Il aura fallu attendre huit mois d’action collective pour que le combat de ces maîtres-chiens trouve un écho. Le jour où paraissait l’article de Libération, 39 sans-papiers soutenus par Sud rail prenaient le risque d’entamer un mouvement de protestation pour obtenir leur régularisation - l’un d’entre eux a eu ses papiers depuis. Sur des quais de gare de banlieue (les lignes C et D du RER sont concernées), nous avions rencontré Mamadou, Isaac, Amara, Solo… Parfois, le dernier train parti, ils dormaient dehors, sur un banc, par un froid glacial.
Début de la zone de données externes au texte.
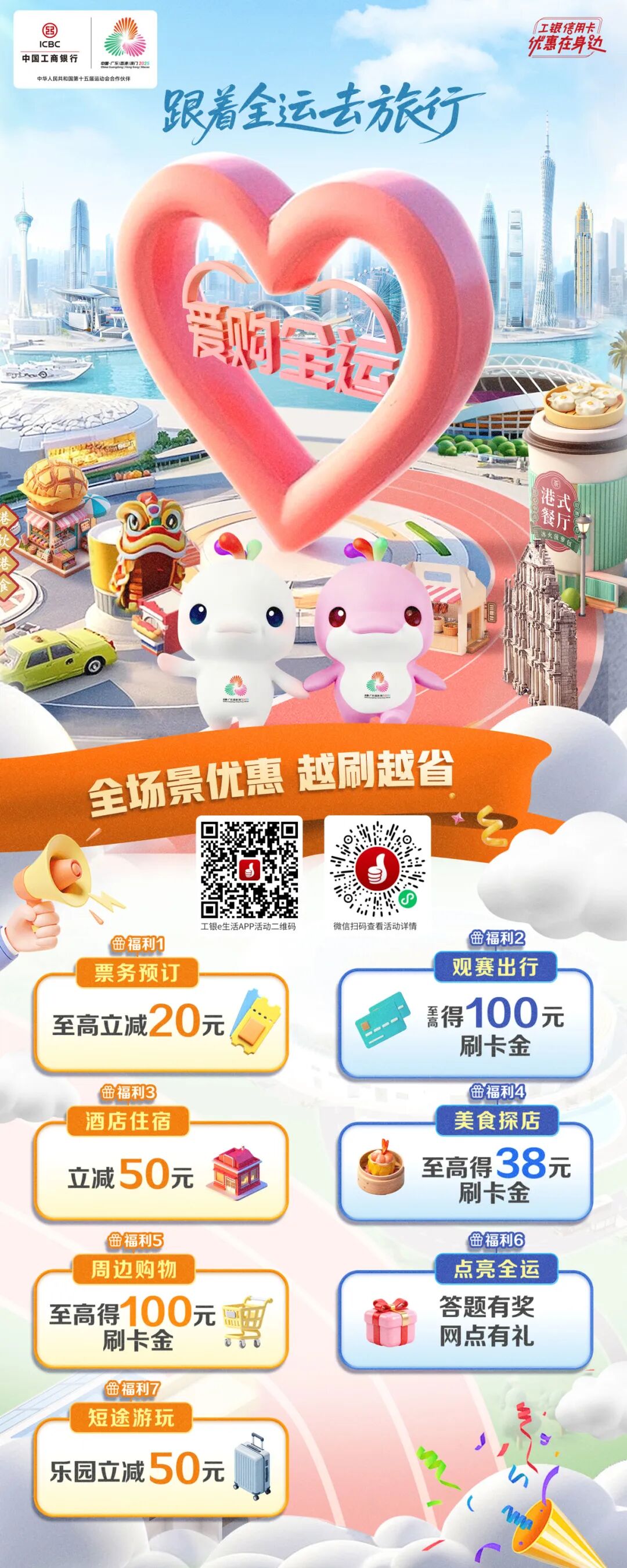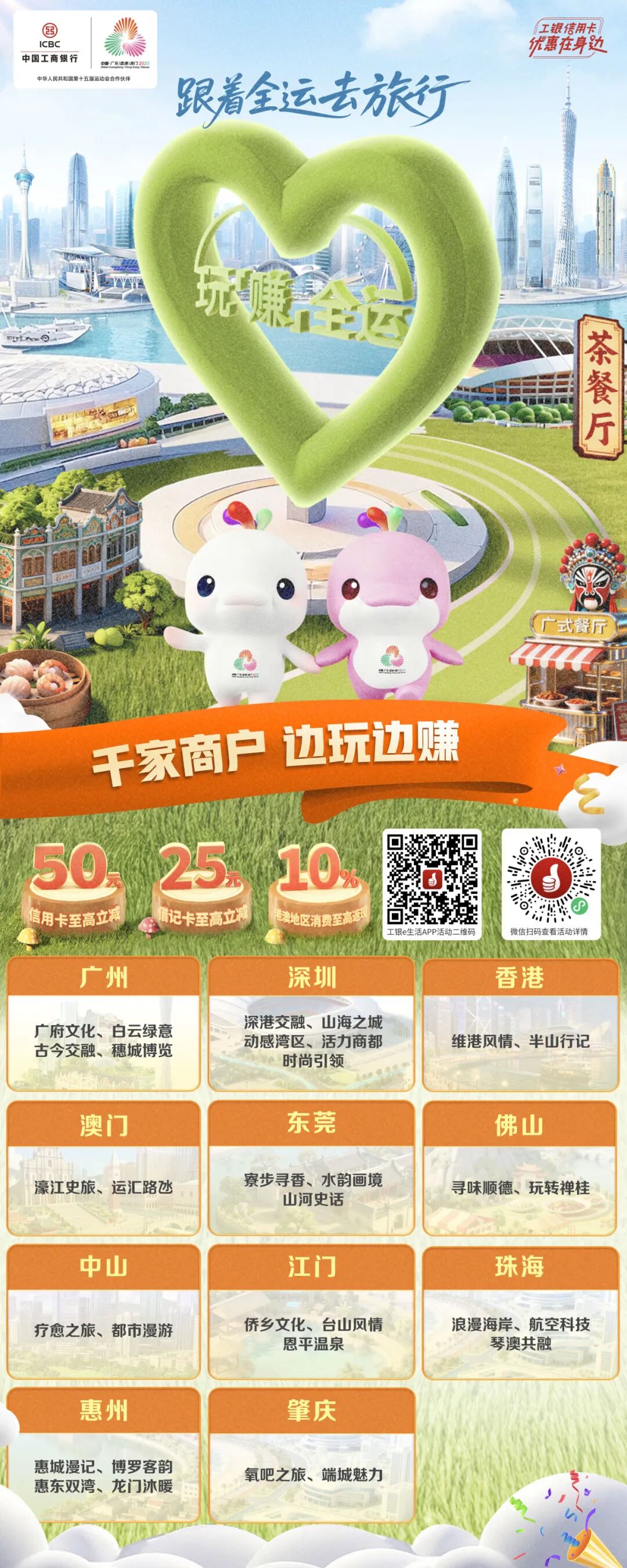 工商银行聚焦十五运会“粤港澳三地联动”办赛特色,进一步延展“文体旅”场景服务半径,打造“赛事引流、消费承接、服务沉淀”的全周期服务生态。围绕客户“观赛、美食、文旅”三大核心需求,工商银行深度挖掘承办与联动城市资源,精心策划“跟着全运去旅行”主题活动,覆盖广州塔、澳门文旅地标、香港特色商圈、顺德美食街巷等热门场景在内的52条全运主题旅行线路,并遴选1000家优质收单商户组建“全运消费联盟”,涵盖赛事场馆便利店、特许商店、餐饮商超、文化场所等,实现“观赛有优惠、出行有便利、消费有实惠”的全场景覆盖。

Pas de papiers, pas de certificats (ou un faux) pour exercer le métier d’agent cynophile de sécurité, pas de bulletin de salaire, juste quelques virements et des badges pour pointer. «On avait souvent six ou sept mois de salaire en retard», raconte l’un d’eux. Adama travaillait «souvent de 19 heures à 2 heures du matin. Des fois cinq jours par semaine, des fois toute la semaine». Les heures de retard étaient sanctionnées de lourdes amendes. Ainsi, Solo devait «100 euros» à partir d’«un quart d’heure de retard» alors qu’il gagnait «8 euros» de l’heure.
«Grave». Lors de notre enquête, la SNCF - qui n’a pu être jointe hier - avait affirmé ne pas avoir eu connaissance cette situation. L’entreprise avait rejeté la responsabilité sur son sous-traitant, la société Vigimark, qui, semble-t-il, sous-traitait elle-même illégalement auprès d’autres sociétés douteuses.
Eric Besson n’aurait eu connaissance du scandale que le 24 juin, lorsque militants de Sud rail et représentants des sans-papiers avaient pénétré dans son ministère pour lui en faire part. Une enquête a alors été diligentée par le ministre. Sans attendre, ce dernier a pris officiellement fait et cause pour ces sans-papiers, qualifiant, dimanche, l’affaire de «grave».
Pour lui, «on n’échappera pas à une discussion, mais ce n’est pas à moi de la mener, sur la responsabilité de la SNCF. Etait-elle un peu, pas du tout informée ?» Informée, elle l’était au moins depuis l’automne par le syndicat Sud rail puis par quelques articles de presse, sans compter que les maîtres-chiens travaillaient en binôme avec des cheminots. Aujourd’hui, selon Dominique Malvaud, la quasi-totalité de ces 38 maîtres-chiens devrait être régularisée.